• Source data:
+-------+

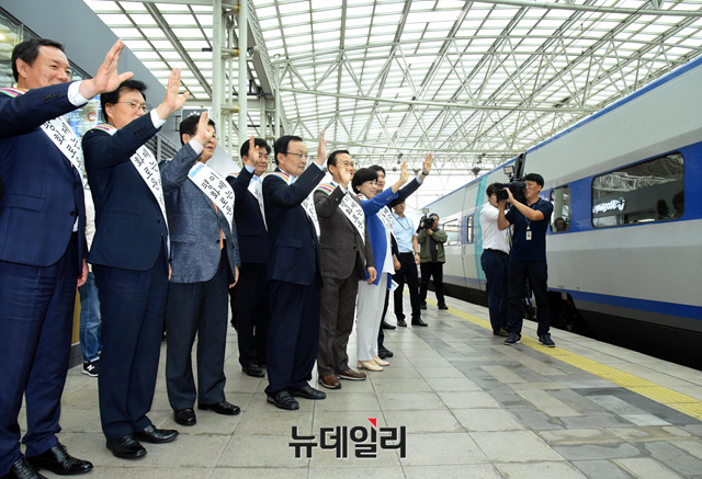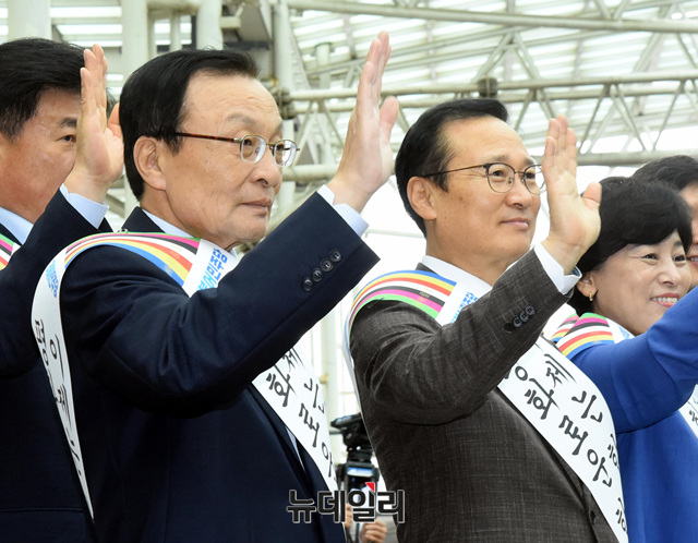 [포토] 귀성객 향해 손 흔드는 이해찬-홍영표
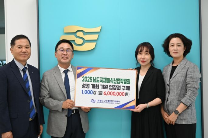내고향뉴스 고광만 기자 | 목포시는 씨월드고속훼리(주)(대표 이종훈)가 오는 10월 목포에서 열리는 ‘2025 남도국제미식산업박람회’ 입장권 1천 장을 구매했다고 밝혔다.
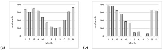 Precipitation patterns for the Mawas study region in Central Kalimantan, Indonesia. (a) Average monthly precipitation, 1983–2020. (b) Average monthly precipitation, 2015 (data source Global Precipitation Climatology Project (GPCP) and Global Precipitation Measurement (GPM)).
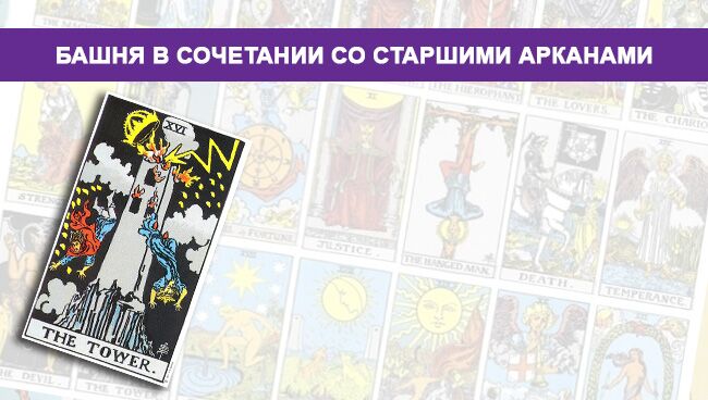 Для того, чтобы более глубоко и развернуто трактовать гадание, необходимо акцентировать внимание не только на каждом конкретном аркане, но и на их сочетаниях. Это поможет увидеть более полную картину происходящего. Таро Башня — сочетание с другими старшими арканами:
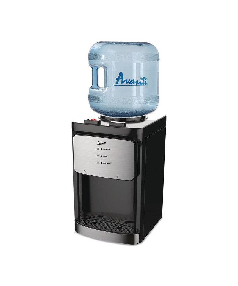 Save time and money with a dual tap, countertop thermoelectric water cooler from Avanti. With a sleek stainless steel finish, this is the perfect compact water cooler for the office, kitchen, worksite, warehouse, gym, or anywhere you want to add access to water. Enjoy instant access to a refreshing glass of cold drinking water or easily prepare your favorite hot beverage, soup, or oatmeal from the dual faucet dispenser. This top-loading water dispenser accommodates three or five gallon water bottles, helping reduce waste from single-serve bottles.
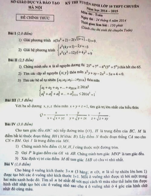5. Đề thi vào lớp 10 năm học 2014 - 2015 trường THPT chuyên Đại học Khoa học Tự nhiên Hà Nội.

+-------+

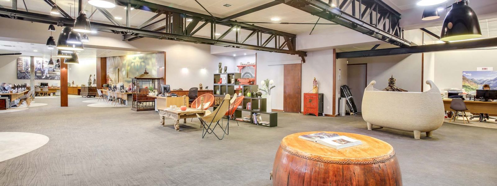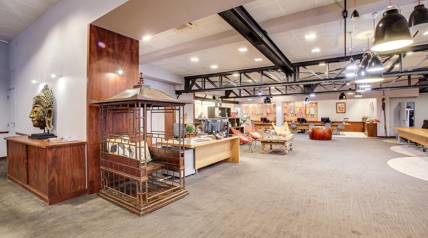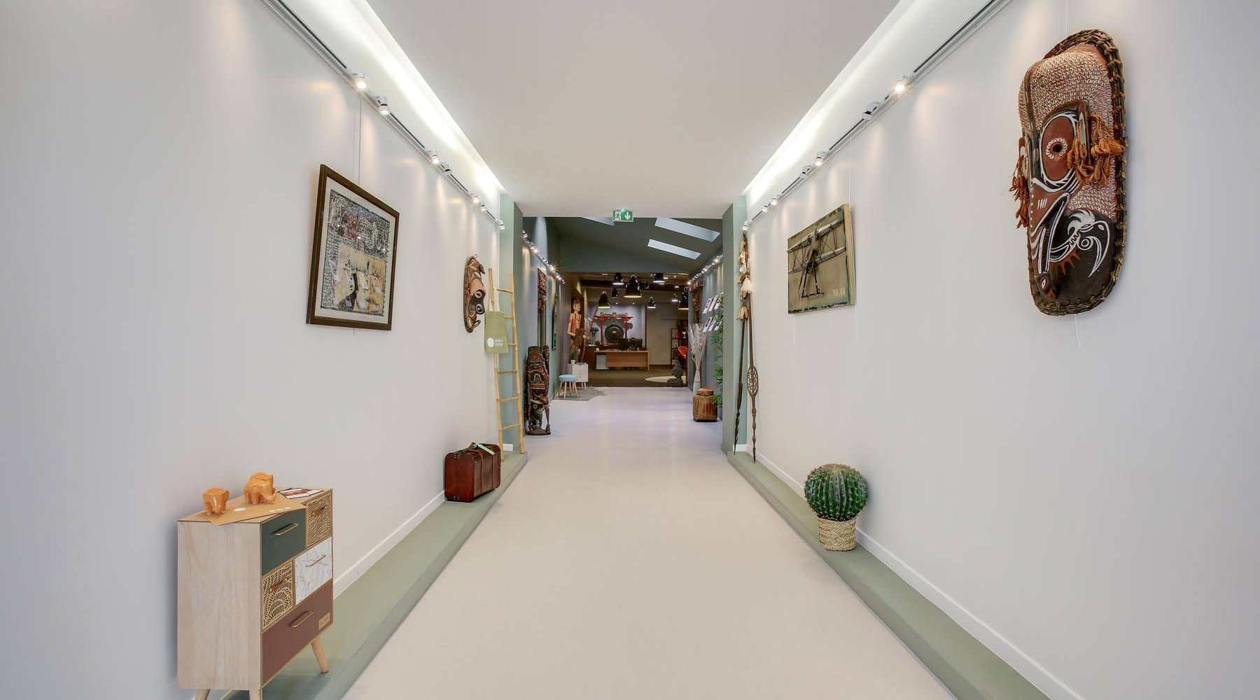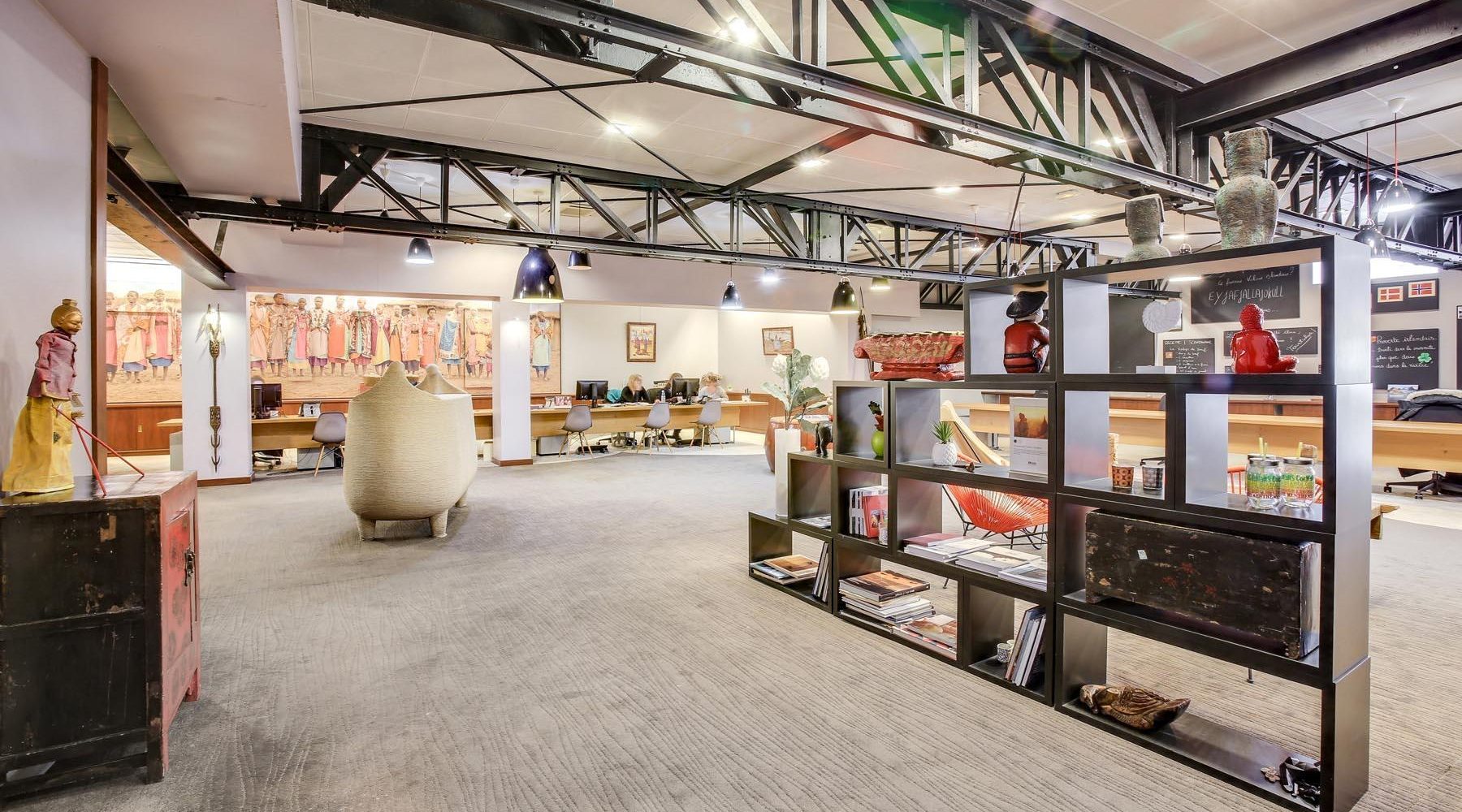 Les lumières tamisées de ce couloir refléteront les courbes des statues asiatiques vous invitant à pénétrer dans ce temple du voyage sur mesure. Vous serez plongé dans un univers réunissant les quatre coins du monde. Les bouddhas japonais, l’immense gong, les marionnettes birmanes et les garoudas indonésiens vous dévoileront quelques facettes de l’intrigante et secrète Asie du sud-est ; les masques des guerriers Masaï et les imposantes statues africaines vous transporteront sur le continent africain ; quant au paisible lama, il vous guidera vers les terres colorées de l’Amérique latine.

+-------+

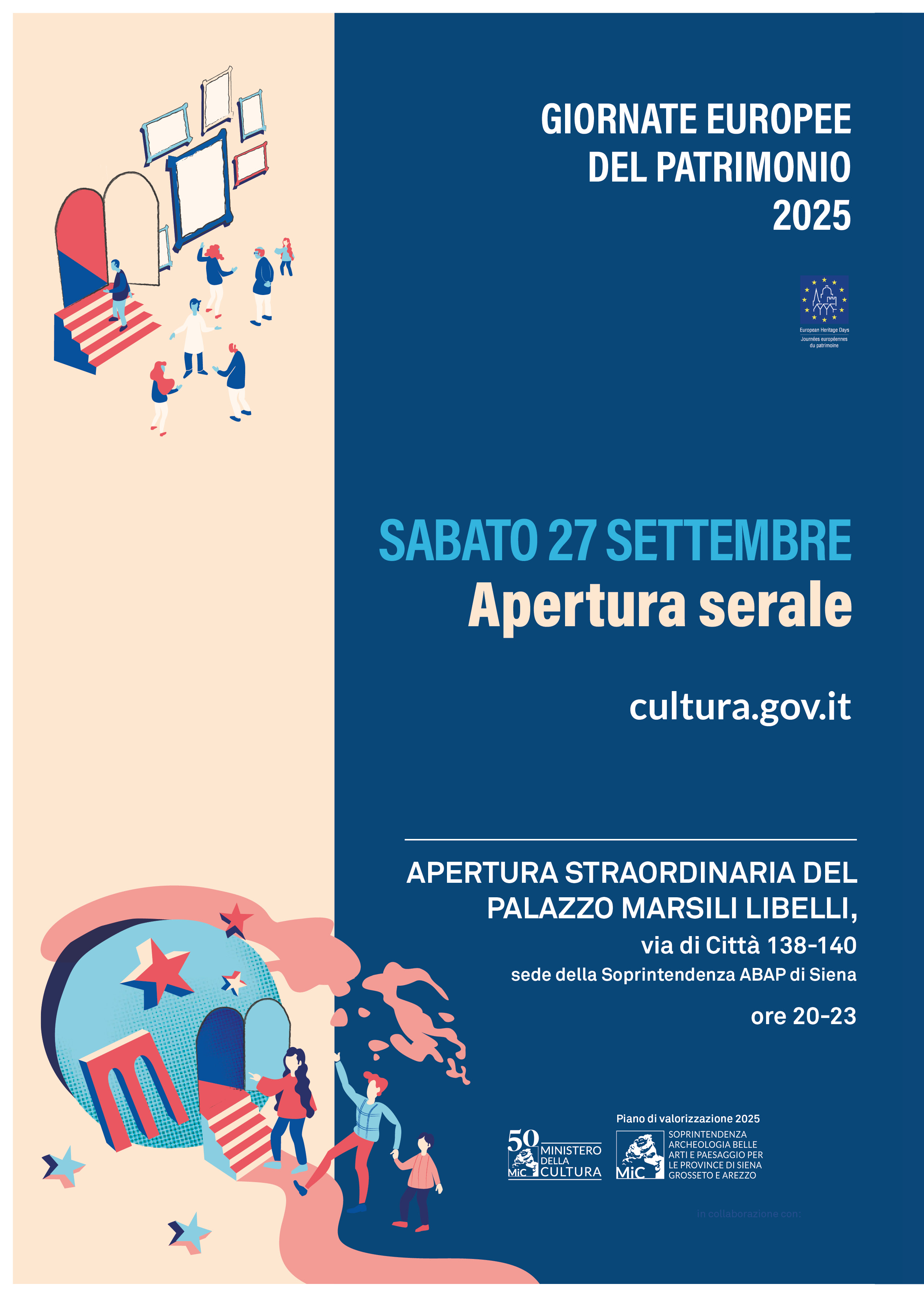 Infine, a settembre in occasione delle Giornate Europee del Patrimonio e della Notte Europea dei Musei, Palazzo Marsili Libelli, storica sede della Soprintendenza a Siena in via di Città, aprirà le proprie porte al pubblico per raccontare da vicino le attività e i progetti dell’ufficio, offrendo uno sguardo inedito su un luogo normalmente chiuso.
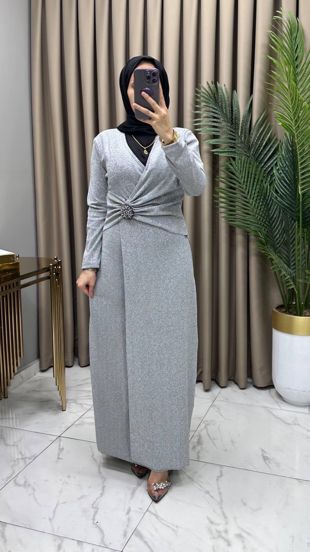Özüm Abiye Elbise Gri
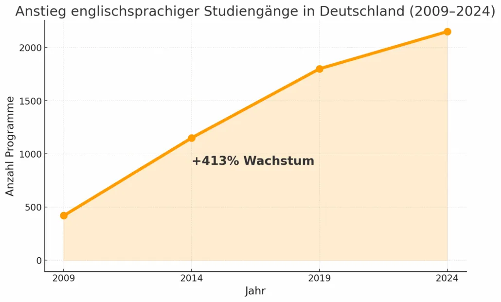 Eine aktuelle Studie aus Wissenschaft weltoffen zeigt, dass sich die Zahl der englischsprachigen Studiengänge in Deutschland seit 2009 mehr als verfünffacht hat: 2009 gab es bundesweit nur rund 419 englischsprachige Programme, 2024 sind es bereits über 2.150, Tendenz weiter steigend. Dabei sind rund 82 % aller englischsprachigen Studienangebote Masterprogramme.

+-------+

• What is being asked:
Only the lines between the one with "내고향뉴스 고광만 기자" and the one with "5. Đề thi vào", those two included, get copied from the material above. Keep it exact and free of pictures.

• Completed task:
내고향뉴스 고광만 기자 | 목포시는 씨월드고속훼리(주)(대표 이종훈)가 오는 10월 목포에서 열리는 ‘2025 남도국제미식산업박람회’ 입장권 1천 장을 구매했다고 밝혔다.
 Precipitation patterns for the Mawas study region in Central Kalimantan, Indonesia. (a) Average monthly precipitation, 1983–2020. (b) Average monthly precipitation, 2015 (data source Global Precipitation Climatology Project (GPCP) and Global Precipitation Measurement (GPM)).
 Для того, чтобы более глубоко и развернуто трактовать гадание, необходимо акцентировать внимание не только на каждом конкретном аркане, но и на их сочетаниях. Это поможет увидеть более полную картину происходящего. Таро Башня — сочетание с другими старшими арканами:
 Save time and money with a dual tap, countertop thermoelectric water cooler from Avanti. With a sleek stainless steel finish, this is the perfect compact water cooler for the office, kitchen, worksite, warehouse, gym, or anywhere you want to add access to water. Enjoy instant access to a refreshing glass of cold drinking water or easily prepare your favorite hot beverage, soup, or oatmeal from the dual faucet dispenser. This top-loading water dispenser accommodates three or five gallon water bottles, helping reduce waste from single-serve bottles.
5. Đề thi vào lớp 10 năm học 2014 - 2015 trường THPT chuyên Đại học Khoa học Tự nhiên Hà Nội.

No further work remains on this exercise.